This bricks and mortar retailer will continue to thrive post-pandemic

Chris Hernandez
Chris Hernandez inEquities
Investment Analyst
Submitted by ujjwal on

As the pandemic accelerates the shift to online shopping, investors have favoured those retailers with superior e-commerce capabilities as the winners in a post-pandemic world. However, we can still continue to see long-term growth opportunities for some bricks and mortar retailers with differentiated and proven business models. And for us, Ross Stores is a clear example.

Ross Stores (NASDAQ:ROST)

Ross is an off-price retailer of branded apparel and household goods, which has a store network of ~1,830 stores in 39 states across the US and has been in operation since 1950. While Ross does not have an online offer, the company has been able to deliver consistent comparable sales growth and market share gains despite rising online penetration over the last decade. Ross’s comparable sales have proven resilient during economic downturns and have grown mid-single digit through the cycle (see chart below).

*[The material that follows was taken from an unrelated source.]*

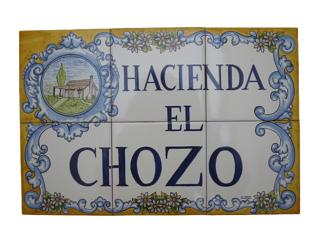 Rótulo personalizado en cerámica de Talavera pintado a mano de 30x45cm realizado en 6 azulejos de 15x15cm, Se hace con las medidas, inscripción y decoración que desee. (Consultar precio según decoración y otras medidas).
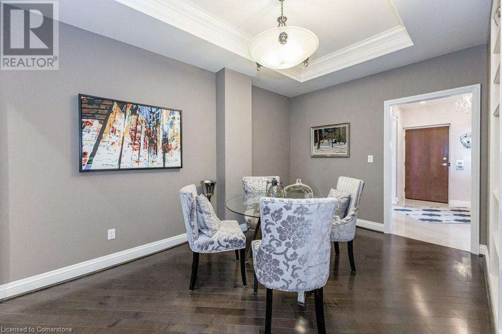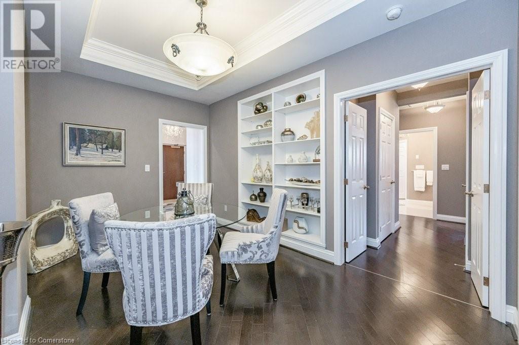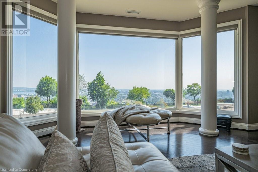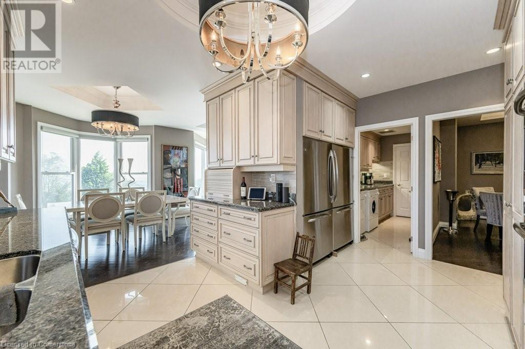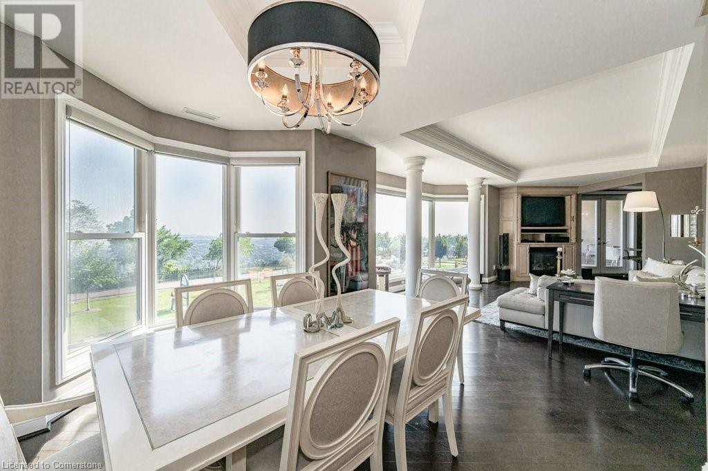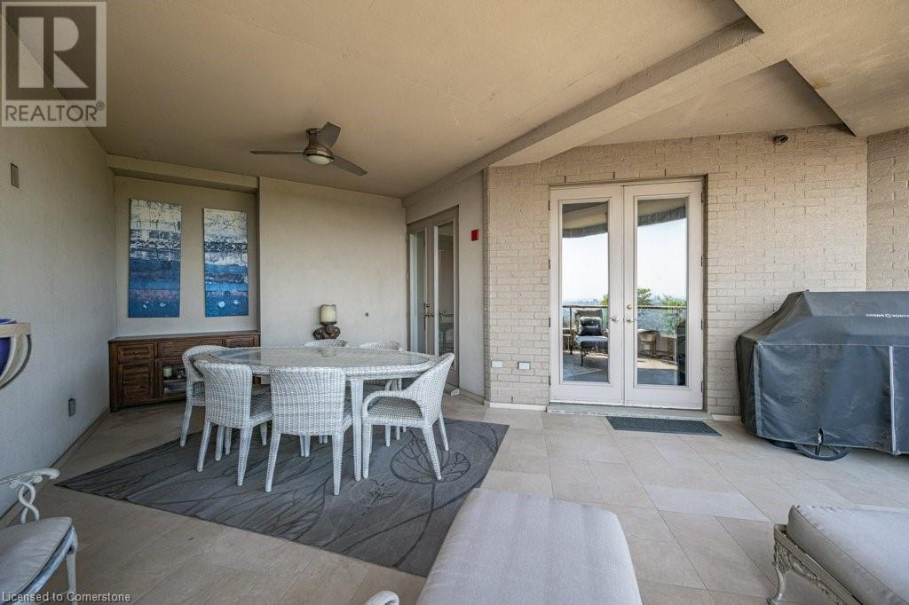 $1,170.61 MonthlyIndulge in breathtaking panoramic views of the City, Escarpment, Toronto skyline, and Lake Ontario from 'The Madison' an exclusive boutique building nestled on the Brow of Hamilton Mountain. This upscale 2400 sq. ft. residence boasts 3 bedrooms and 2 baths, exuding sophisticated luxury and complemented by a 400 sqft terrace, perfect for entertaining amidst the sparkling city lights. A private elevator directly to your suite, where natural light floods the space, highlighting coffered ceilings, crown molding, hardwood floors. Granite counters, pot lighting, extensive custom-built cabinetry add a touch of elegance throughout. An open-concept layout invites easy living, with a great room featuring a media center and gas fireplace, a dining area, and a gourmet kitchen equipped with two fridges, built-in microwave and ovens, a cooktop, and a dishwasher. Convenience meets luxury with laundry boasting built-in cabinetry, beverage fridge and side-by-side washer and dryer. Retreat to the spacious primary suite, boasting three walk-in closets and a spa-inspired 5-piece ensuite. The second bedroom enjoys its own separate balcony, a walk-in closet, and easy access to a 4-piece bath. The third bedroom/den provides a perfect space for remote work. This residence comes complete with two parking spots and a locker, offering both luxury and practicality for discerning homeowners. Don't miss out on this opportunity to elevate your lifestyle. Contact me today to arrange your exclusive tour! (id:55009)

This bricks and mortar retailer will continue to thrive post-pandemic

Unique business model

The key to the Ross’s success has been the company’s unique business model which continues to lure its customers into stores. For Ross, its all about having the right merchandise at the right price point in-store. Ross has built up a reputation for offering branded merchandise at a deep discount, relative to the prices offered at department stores or specialty retailers. Ross can offer low prices by opportunistically buying excess stock from retailers/vendors (typically overruns and cancelled orders) at cents on the dollar and by running a lean, low-cost store network. Even if customers prefer to shop online, it would be hard for them to find similar bargains elsewhere. For vendors, Ross is an efficient and ‘invisible’ liquidation channel (i.e. Ross does not advertise stocked brands).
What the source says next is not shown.